> **Problem description**: Output exactly, and only, the lines below from the one with "the location. |" down to the one with "Built in 2010, this". Include both end lines and no pictures.

Stored data START

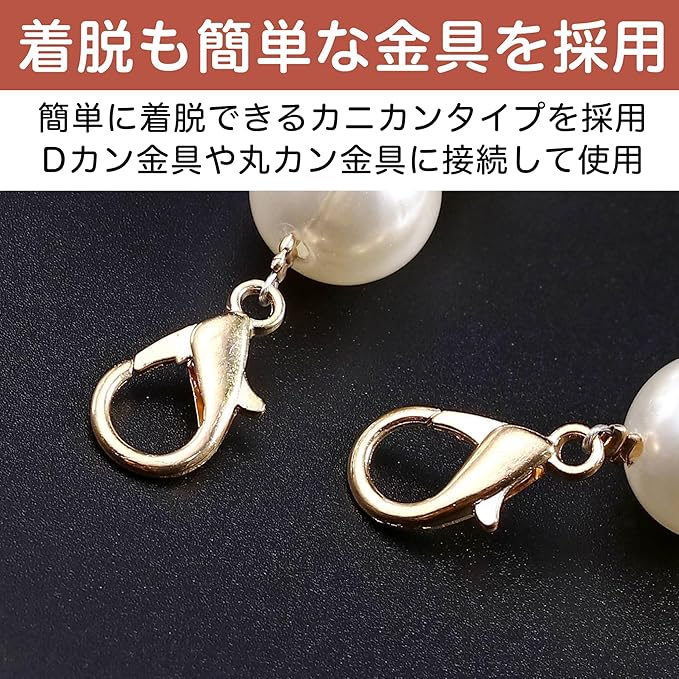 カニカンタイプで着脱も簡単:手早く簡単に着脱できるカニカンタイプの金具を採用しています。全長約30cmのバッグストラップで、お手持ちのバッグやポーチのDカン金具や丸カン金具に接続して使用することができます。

Stored data END
Stored data START

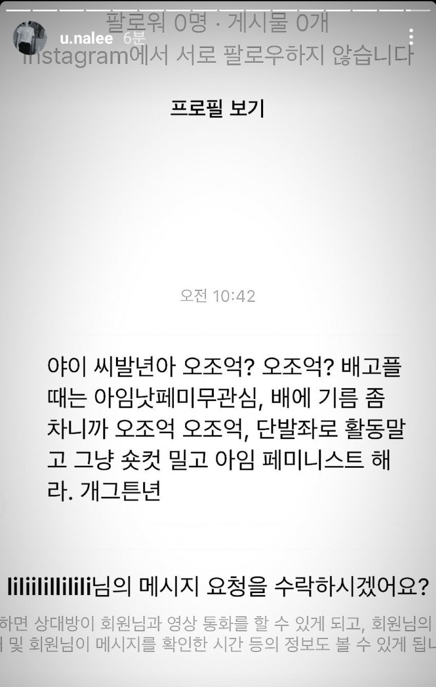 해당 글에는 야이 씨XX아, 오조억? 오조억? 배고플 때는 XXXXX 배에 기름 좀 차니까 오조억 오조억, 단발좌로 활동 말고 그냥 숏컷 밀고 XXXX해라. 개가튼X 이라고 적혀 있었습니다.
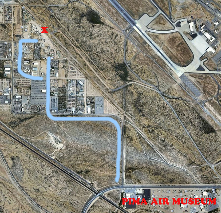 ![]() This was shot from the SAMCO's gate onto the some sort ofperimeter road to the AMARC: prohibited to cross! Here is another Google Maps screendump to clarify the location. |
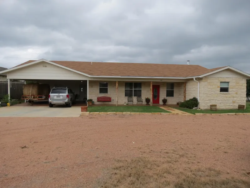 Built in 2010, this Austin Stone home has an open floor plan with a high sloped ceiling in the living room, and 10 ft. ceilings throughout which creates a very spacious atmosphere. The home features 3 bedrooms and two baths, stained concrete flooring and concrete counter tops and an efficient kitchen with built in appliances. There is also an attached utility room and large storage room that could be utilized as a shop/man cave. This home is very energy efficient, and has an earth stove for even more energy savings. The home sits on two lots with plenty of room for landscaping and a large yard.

Stored data END

> **Result for this exercise**:
 ![]() This was shot from the SAMCO's gate onto the some sort ofperimeter road to the AMARC: prohibited to cross! Here is another Google Maps screendump to clarify the location. |
 Built in 2010, this Austin Stone home has an open floor plan with a high sloped ceiling in the living room, and 10 ft. ceilings throughout which creates a very spacious atmosphere. The home features 3 bedrooms and two baths, stained concrete flooring and concrete counter tops and an efficient kitchen with built in appliances. There is also an attached utility room and large storage room that could be utilized as a shop/man cave. This home is very energy efficient, and has an earth stove for even more energy savings. The home sits on two lots with plenty of room for landscaping and a large yard.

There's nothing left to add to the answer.